I have never run a marathon.
And as I approach my CPF drawdown age, it’s becoming more unlikely I will ever get to wear a 42.195km finisher T-shirt (unless I buy one on Ebay or Carousell).
So last week, I did the next best thing – I joined The Hobbit marathon.
And I don’t mean a marathon where very short people with pointy ears run in bare feet.
I mean an endurance test to watch director Peter Jackson’s entire The Hobbit movie trilogy in one evening to mark the release of the final movie of the series.
I know what you’re thinking - that sounds even more tortuous than an actual marathon. Yes, but you don’t get popcorn at an actual marathon.
But you’re right. I remember watching the first Hobbit movie in the cinema two years ago. It was so long and gruelling that it could be a marathon by itself.
And I saw it twice. Not content with just watching it in Imax 3D, I thought I would enjoy it more in HFR 3D. I did, but even then, I dozed off during the goblin chase sequence.
While I’m a fan of Jackson’s earlier Lord Of The Rings trilogy, the first two Hobbit movies have been less than precious.
So the prospect of sitting through three bloated Hobbit movies back to back to back was about as attractive as catching rats in Bukit Batok.
The first movie, An Unexpected Journey, is 169 minutes long. That’s over two and a half hours.
The second, The Desolation Of Smaug (not Smong), is another 161 minutes.
The final movie, The Battle Of The Five Armies, is a comparatively fleeting 144 minutes.
That’s a total of 474 minutes, which is seven hours and 54 minutes. Almost eight hours!
That’s probably also how long it would take me to complete a actual marathon, that is if I could make it to finish line.
But eight hours is a sprint compared to the 25-hour eight-movie Harry Potter ultra-marathon in 2011.

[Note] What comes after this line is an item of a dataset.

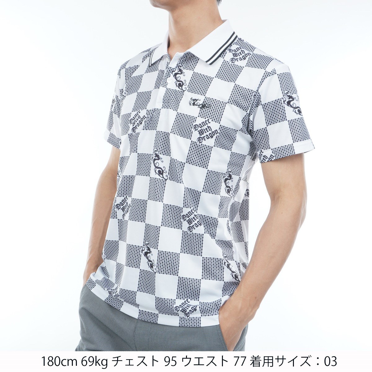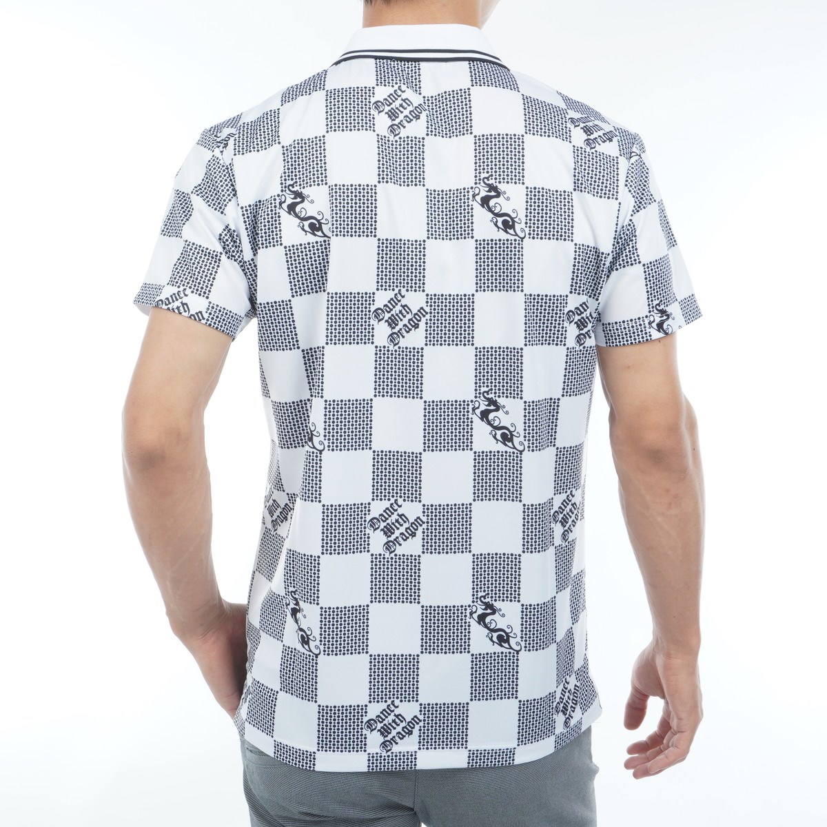 ダンスウィズドラゴン Dance With Dragon ストレッチ ブローグコアプリント 半袖ポロシャツ 04 ホワイト/ブラック 110

No, I wasn’t crazy enough to take part in that butt-numbathon. I may be “strange and warped”, according to one The New Paper on Sunday reader last week, but I’m not a masochist.
Or am I?
Hey, I have an idea. Instead of seats, the cinema could provide treadmills for the audience to run on while watching the movies. Now that’s a real movie marathon.
But I suppose that’s too much to expect for $46, the sum I paid for The Hobbit marathon.
It’s cheaper than a ticket to watch the Dim Sum Dollies.
And less than half the registration fee for the Standard Chartered Marathon, which was $96 and didn't include even one movie, much less three. Sure, for $96, you got a goodie bag and a running singlet (plus a finisher tee if you crossed the finish line).
But for The Hobbit marathon, you also get a Hobbit pin badge, a bento dinner, popcorn and a bottle of Coke (but no dim sum).
I guess that’s the main difference between an actual marathon and a movie marathon – at the end of the latter, you get fatter.
No, I didn’t eat The Hobbit pin badge.
When I booked the tickets online for me and my 15-year-old daughter a week before The Hobbit marathon, the only seats left in the 602-seat GVmax hall (with Dolby Atmos) were in the first three rows.
I could already feel my neck cramping up just imagining looking up at the screen for eight hours.
My daughter wanted to see The Battle Of The Five Armies as early possible and we thought sitting through the movie marathon was the only way.
It was not only after booking the tickets when I discovered there were sneak previews a week before the movie’s Thursday opening. Aiyah!
So on Wednesday, like a fellowship of two, my daughter and I set out for Vivocity, prepared for a long and arduous evening.
The first movie was supposed to start at 5pm. It didn’t.
There was a live contest to give away some posters. After that, we still had to sit through three ads and a couple of movie trailers.
And then An Unexpected Journey began.
I was surprised people still guffawed at the jokes in the movie like it was the first time they heard them. Even my daughter laughed despite having seen the movie twice before.
Once again, I dozed off during the goblin chase sequence.
When the credits rolled, the audience applauded. I wasn’t sure if they were applauding the movie or themselves for making through it.
I heard someone behind me say: “One down, five more hours to go.”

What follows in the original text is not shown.